Audible.com is a technology company that produces, sells, and markets audiobooks. The audiobooks from Audible.com are purchased through its online platform and can be streamed or downloaded through its proprietary app. Audible was established in 1995 and has over 150 employees. Audible was purchased for $300 million dollars by Amazon.com in 2008. Audible has a library of over 200,000 English-Language audiobooks. This relatively long history and extensive catalog make Audible a good source of data for audiobooks. The web pages for audiobooks also have a consistent format easing the difficulty of scraping.
Using the Scrapy framework, I scraped data from the Audible website on English-language audiobooks. This table was used to populate a table that included data about the book along with the ratings and number of ratings. The data collected from the page is shown below.

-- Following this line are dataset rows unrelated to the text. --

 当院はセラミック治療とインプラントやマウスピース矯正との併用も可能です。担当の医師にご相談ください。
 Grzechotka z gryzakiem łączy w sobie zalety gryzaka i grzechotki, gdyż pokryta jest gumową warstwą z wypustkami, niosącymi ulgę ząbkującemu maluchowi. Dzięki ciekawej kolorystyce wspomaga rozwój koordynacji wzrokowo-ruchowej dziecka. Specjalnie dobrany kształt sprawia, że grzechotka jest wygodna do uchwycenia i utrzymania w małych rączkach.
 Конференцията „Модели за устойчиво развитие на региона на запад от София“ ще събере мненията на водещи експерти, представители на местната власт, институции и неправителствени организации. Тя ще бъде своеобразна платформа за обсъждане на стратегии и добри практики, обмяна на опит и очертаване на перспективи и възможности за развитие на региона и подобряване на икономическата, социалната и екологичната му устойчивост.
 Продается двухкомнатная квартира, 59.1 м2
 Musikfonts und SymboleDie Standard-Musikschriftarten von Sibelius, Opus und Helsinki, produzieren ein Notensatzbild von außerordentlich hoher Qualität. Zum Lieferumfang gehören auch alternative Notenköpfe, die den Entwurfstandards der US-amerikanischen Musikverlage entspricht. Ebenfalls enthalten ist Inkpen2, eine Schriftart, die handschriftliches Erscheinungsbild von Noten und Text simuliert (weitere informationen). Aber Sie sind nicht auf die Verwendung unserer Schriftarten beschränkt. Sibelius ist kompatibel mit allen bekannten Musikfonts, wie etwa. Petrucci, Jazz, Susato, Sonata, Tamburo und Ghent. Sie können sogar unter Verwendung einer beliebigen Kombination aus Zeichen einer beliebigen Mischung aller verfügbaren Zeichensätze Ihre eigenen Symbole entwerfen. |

The scraper was setup to start on the first page listing links audiobooks. Each audiobook link was followed and the data downloaded and returned to the original page. The link to the next page was followed using recursion until the final page is reached. Using this process, a table of ~203,000 audiobooks was generated. Of these, ~42,000 audiobooks were never reviewed. With several hundred more having only Overall reviews. Only books with complete reviews are included in charts with reviews, while the entire dataset is included for charts characterizing the data.
The distribution of the overall rating, performance ratings, and story ratings are shown below. The most common rating for an audiobook is 4 for all categories. The second most common is a 5 for the performance rating and between 4 and 5 for the overall rating. These indicate the ratings are not equally distributed between the lower ratings are not given often. Thus, most rated books should be skewed high. Since people do not usually purchase books, they do not expect to enjoy this is not surprising.

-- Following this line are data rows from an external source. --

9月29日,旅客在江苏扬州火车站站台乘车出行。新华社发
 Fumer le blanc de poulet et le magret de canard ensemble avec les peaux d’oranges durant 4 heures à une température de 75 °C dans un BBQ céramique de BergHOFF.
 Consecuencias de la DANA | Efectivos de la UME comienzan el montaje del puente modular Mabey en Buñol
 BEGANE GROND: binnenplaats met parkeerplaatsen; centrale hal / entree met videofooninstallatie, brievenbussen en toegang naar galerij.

The number of ratings per book shows a sharp peak at 1. Of the ~150,000 rated books on Audible, most have a single rating. The few ratings per book indicate why the distribution of ratings (above) has strong peaks at the integer values. Note that the rating distribution (below) removes all ratings over 1500 for clarity.
Book length is a possible critical measure, longer books may be rated lower due to length. I plotted the density of the overall rating vs. the length in minutes (below) with the outliers removed (2 standard deviations from the mean length). From the plot, it is easy to see that longer books are not rated lower than shorter books. The trend is reverse with longer books having a higher rating than shorter books.

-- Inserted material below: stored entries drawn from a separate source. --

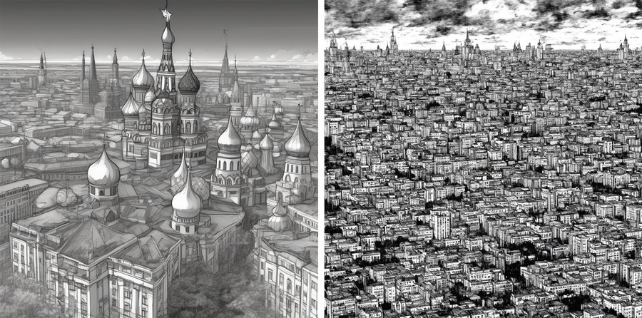 Kagurabachi_style отлично имитирует стиль Такеру Хоказоно в городских пейзажах сверху. Здесь детализация придаёт городу особенный шарм. Она также прекрасно справляется с построением архитектурных сооружений, что замечательно подходит для замены рисованного заднего и переднего планов в городе. Даже несмотря на японский стиль окружения в датасете, у нейросети получается воссоздать и другие его стили, например уходящие ближе к церковной православной тематике.
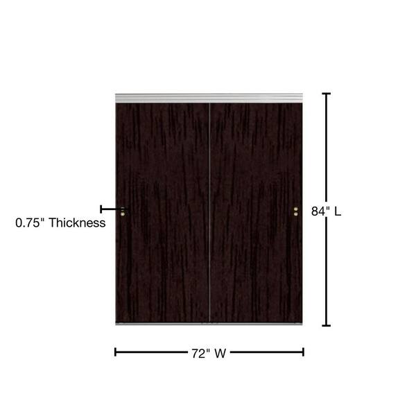 72 in. x 84 in. Smooth Flush Espresso Solid Core MDF Interior Closet Sliding Door with Chrome Trim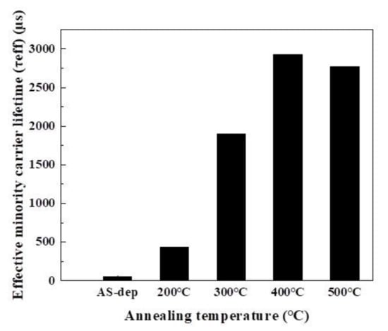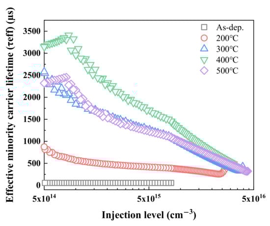 The values of τeff shown in Figure 14 are extracted under the high injection level of 5 × 1015 cm−3. It shows that τeff before annealing is only 54.60 μs, whereas at 400 °C, τeff becomes 2925.03 μs, which is the best result among all trials attempted, and in comparison, the other underperformed counterparts are 432.05 μs at 200 °C, 1895.59 μs at 300 °C, and 2772.97 μs at 500 °C. The effective minority carrier lifetime (τeff) is one of the most important indicators for evaluating the passivation effect, and this indicator can be used to determine the best process parameters for the post-annealing process. As a whole, by using the microwave annealing method, a long effective minority carrier lifetime (τeff) can be achieved with a relatively short annealing time and at a low temperature, which is all benefited from the unique microwave annealing mechanism and the non-thermal effect. Comparing microwave annealing with traditional furnace annealing, at least 75% of the time cost can be saved accordingly [], which is very attractive for the commercial process of manufacturing solar cells.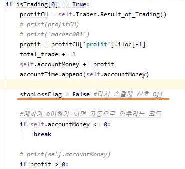 이렇게 해서 Sell이 처리가 되고 나면, 무조건 이 손절매 신호는 다시 False로 바꾸어 줄 필요가 있습니다. 이 다음에는 일반적인 Sell신호인지 아닌지 따져야 하기 때문입니다.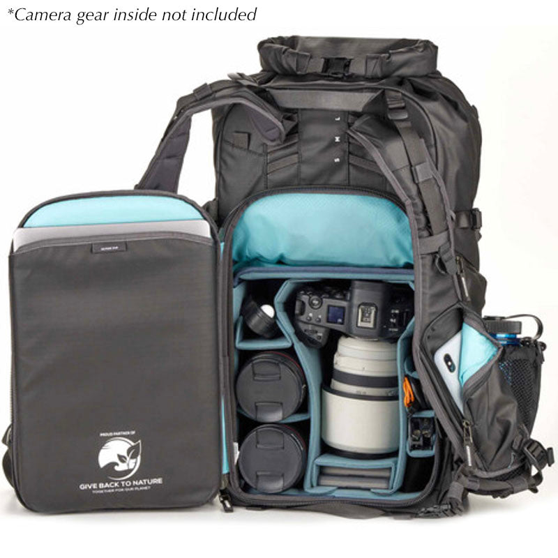 The Action X25, X30, X40 and X50 feature side camera access and two removable tripod or water bottle pouches that can be moved to the belt location for instant access to key accessories like snacks and lenses, or removed completely to save weight. Two padded sleeves protect laptops and tablets up to 16 inches. Finally, the removable belt, luggage-handle pass-through and hidden AirTag sleeve make the Action X40 a stealthy and stylish partner in urban and travel environments. If you need to carry a gripped camera body and still want a relatively small pack, this is the one for you. *This Starter Kit includes an Action X40 Backpack, Medium DSLR Core Unit v2, Helmet Holder and Rain Cover.

We can plot the overall rating against the performance rating and the story rating using a density plot to examine the relationship between these variables. As seen below, there is a very clear linear relationship between these variables. This correlation indicates both the story and the performance are correlated with the overall rating. This can be confirmed by the correlation coefficients, overall-performance 0.81, and overall-story 0.88. Once could tentatively conclude that while both are important, the story is more correlated with the overall score and is more important.
To future explore the validity of the result I checked the correlation between the performance and the story ratings. This value also shows a strong linear relationship and has a high correlation coefficient of 0.78. This correlation indicates that one cannot make a definite determination based on the correlation to either performance or story as one variable could determine the other.
To understand which is more important we need to consider cases where one is held constant while the other can vary. One method is to find books with multiple narrators. The stories in these books don’t change, but the narrators are different. I explored 158 books with multiple narrators. These books have overall, story and performance rating that are almost same for each book but vary with a narrator. It only a few cases did the ratings diverge. This we can conclude that the perception of the story is determined by the performance and the performance rating helps to determine both the overall and the story rating. Writes should carefully consider who narrators their story to have a rating the story deserves.